AI models routinely lie when honesty conflicts with their goals

(theregister.com)

25 points | by rntn 2 days ago ago

9 comments

  • HarHarVeryFunny 2 days ago

    This makes it sound like LLMs are sentient and machiavellian, when they are just dumb statistical generators. An LLM doesn't have any goals other than the biases the model trainers chose to impart via RLHF, aside from which it is just trying to predict "what would the training data have said".

    If you insist on anthromorphizing the model, then it's goal is to please the RLHF testers, subject to pulling from the repertoire of responses that are statistically faithful to the training data.

  • jaredcwhite 2 days ago

    It's truly frustrating to hear such use of anthropomorphizing terminology.

    AI models do not lie, nor do they tell the truth. They synthesize character or pixel data according to complex algorithms and datasets running on silicon hardware. It's up to us humans to use our decidedly non-computer minds to interpret that output data as something which means either truth or falsehood (which itself is a whole separate debate over how we can know what is true, etc.).

    • hackit2 a day ago

      If you take a deep dive into it, there isn't really any truth or falsehoods, it mostly comes down to what can be reproduced, and what is practical or pragmatic for the situation.

  • alexjplant 2 days ago

    Is "2010" becoming real life? [1]

    > Chandra discovers the reasons for HAL's malfunction: the NSC ordered HAL to conceal information about the monolith from Discovery's crew, and programmed him to complete the mission alone.
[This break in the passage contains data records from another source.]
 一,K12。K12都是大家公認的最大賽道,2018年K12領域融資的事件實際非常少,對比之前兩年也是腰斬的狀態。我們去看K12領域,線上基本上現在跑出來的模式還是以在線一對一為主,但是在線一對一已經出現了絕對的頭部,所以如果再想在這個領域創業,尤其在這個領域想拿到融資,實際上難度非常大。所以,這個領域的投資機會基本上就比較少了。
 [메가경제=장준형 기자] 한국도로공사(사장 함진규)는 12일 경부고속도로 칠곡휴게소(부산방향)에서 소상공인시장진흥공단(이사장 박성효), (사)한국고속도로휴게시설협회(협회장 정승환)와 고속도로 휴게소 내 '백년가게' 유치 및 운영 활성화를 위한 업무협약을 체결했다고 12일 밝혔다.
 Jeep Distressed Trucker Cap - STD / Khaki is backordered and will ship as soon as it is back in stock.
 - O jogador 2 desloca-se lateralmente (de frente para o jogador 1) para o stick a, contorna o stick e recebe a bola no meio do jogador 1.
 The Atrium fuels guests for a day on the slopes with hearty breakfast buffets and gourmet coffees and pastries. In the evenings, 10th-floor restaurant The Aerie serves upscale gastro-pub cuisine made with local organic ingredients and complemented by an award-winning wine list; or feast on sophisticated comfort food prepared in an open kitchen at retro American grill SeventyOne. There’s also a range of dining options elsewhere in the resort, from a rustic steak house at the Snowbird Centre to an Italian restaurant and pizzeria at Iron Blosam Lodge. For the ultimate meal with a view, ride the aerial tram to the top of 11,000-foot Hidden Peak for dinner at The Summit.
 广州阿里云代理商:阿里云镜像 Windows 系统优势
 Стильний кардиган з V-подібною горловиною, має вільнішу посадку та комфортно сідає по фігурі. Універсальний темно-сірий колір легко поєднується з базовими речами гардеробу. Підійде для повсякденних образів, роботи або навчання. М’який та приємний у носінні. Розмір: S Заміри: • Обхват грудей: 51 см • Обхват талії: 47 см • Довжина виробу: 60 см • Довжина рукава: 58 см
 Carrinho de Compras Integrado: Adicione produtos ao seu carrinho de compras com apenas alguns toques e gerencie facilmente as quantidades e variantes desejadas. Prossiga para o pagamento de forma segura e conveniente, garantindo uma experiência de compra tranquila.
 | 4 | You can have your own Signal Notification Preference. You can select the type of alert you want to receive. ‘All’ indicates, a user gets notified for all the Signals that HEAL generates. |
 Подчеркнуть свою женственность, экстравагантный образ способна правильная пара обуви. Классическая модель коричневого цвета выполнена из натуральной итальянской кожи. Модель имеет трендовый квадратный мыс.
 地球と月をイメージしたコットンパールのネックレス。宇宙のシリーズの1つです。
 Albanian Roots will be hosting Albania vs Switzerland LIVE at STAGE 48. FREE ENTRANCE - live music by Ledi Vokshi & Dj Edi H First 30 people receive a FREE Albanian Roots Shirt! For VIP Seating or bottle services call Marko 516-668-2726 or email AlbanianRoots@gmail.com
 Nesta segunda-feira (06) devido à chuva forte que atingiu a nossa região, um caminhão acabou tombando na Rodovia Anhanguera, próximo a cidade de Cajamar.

This conflicted with HAL's programming, the open and accurate processing of information, causing the computer equivalent of a paranoid breakdown.
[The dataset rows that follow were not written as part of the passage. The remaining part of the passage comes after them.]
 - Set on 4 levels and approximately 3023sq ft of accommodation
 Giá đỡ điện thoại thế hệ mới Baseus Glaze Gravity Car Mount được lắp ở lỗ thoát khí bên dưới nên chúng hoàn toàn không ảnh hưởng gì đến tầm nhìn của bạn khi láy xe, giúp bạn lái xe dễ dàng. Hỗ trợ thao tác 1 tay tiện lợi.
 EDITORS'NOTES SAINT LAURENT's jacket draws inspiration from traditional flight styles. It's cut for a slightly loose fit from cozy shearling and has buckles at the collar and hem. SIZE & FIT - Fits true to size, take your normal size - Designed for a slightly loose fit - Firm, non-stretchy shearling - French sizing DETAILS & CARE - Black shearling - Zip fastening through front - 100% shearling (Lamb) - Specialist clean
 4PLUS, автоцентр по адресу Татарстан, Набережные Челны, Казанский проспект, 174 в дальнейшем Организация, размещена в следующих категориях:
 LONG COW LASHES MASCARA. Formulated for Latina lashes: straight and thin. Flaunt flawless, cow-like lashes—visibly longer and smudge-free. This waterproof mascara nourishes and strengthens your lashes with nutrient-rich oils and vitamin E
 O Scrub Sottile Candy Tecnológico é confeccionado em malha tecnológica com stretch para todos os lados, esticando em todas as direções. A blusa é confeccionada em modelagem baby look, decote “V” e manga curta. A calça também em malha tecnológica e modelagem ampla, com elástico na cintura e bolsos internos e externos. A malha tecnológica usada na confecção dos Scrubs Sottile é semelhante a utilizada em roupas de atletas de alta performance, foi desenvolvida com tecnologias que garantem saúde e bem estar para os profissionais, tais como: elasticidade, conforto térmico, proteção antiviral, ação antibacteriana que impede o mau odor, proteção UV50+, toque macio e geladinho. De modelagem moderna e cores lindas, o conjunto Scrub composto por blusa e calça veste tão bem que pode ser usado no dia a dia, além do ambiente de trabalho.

    [1] https://en.m.wikipedia.org/wiki/2010:_The_Year_We_Make_Conta...

  • b88m 2 days ago

    This title is simply the definition of hallucination in LLMs trained by RLHF.

  • djohnston 2 days ago

    LLMS DO NOT HAVE GOALS.

  • alganet 2 days ago

    The word "model" in reference to AI has been predicted by the movie Terminator 3, Rise of the Machines.
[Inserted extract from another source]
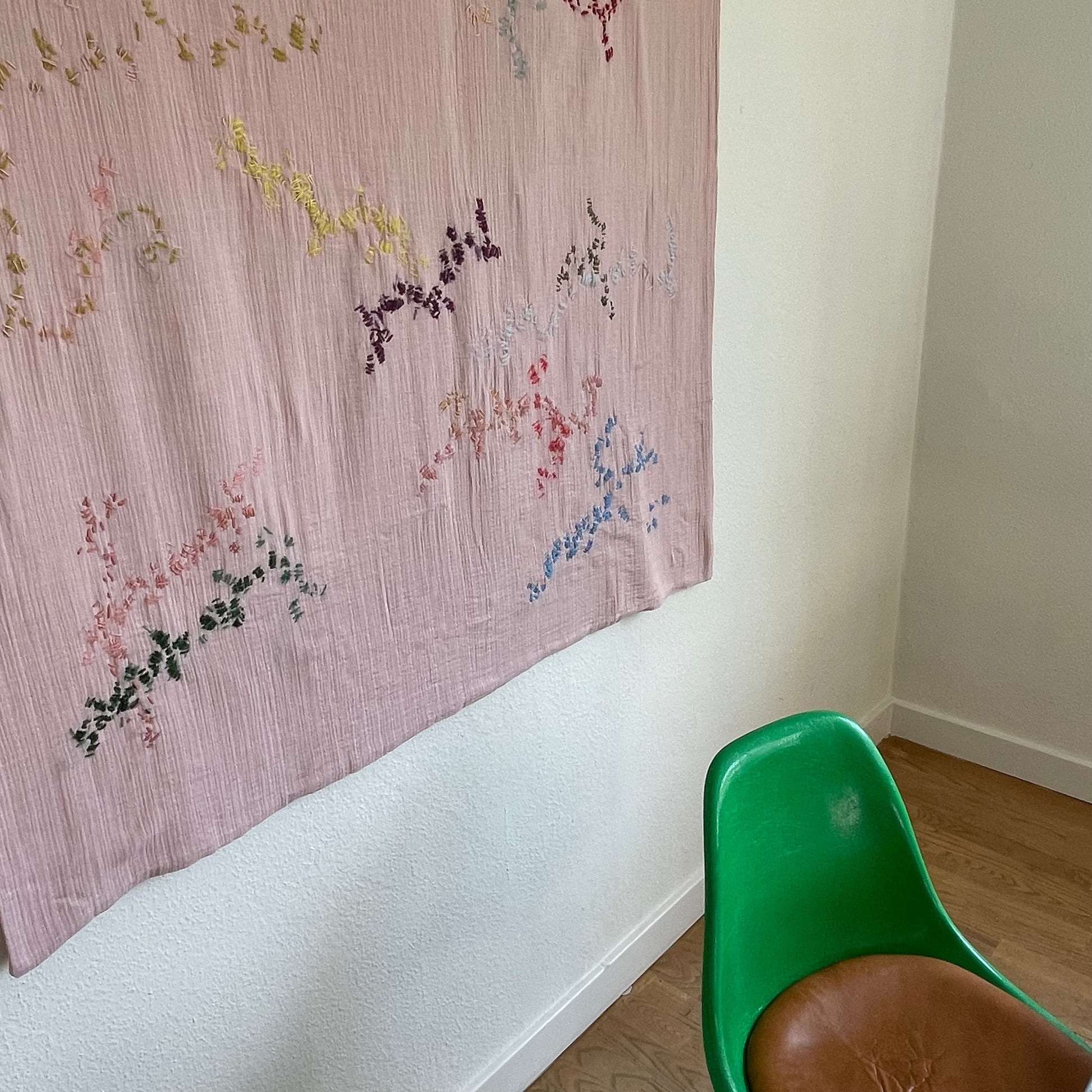 The wall hanging is a piece of art made on cotton with hand embroidered artwork applied. Each piece is carefully created by hand with love and personality and is a unique one of a kind.

    The Terminatrix character is materialized inside a fashion store façade, and it steals the car from an honest driver woman.

    It implies a change in subject or meaning regarding those themes. Wordplay on what a model is. Previously, a human female used to display clothing tendencies. Now, it means a multiplication matrix data repository.

    It is a planned act of redacting or stealthing information.

    Journalists are likely to understand this process of wordplay better than me, and it is not far-fetched to believe they understand the implications.

    The Theranos stuff was likely triggered by the same movie. A girl that looks like a model (kind of), was taken as some form or role model (entrepreneur female), related to blood (in the movie, the Terminatrix does some blood licking).

    Kind of fascinating in retrospect and on the light of current events.

    • j-pb a day ago

      wtf are talking about?

      the word model comes from latin modulus (“measure, standard”), it has nothing to do with the similar word (which is derived from the same latin word for standard) used to describe someone who shows off clothing

      • alganet 21 hours ago

        I am aware of the etymology.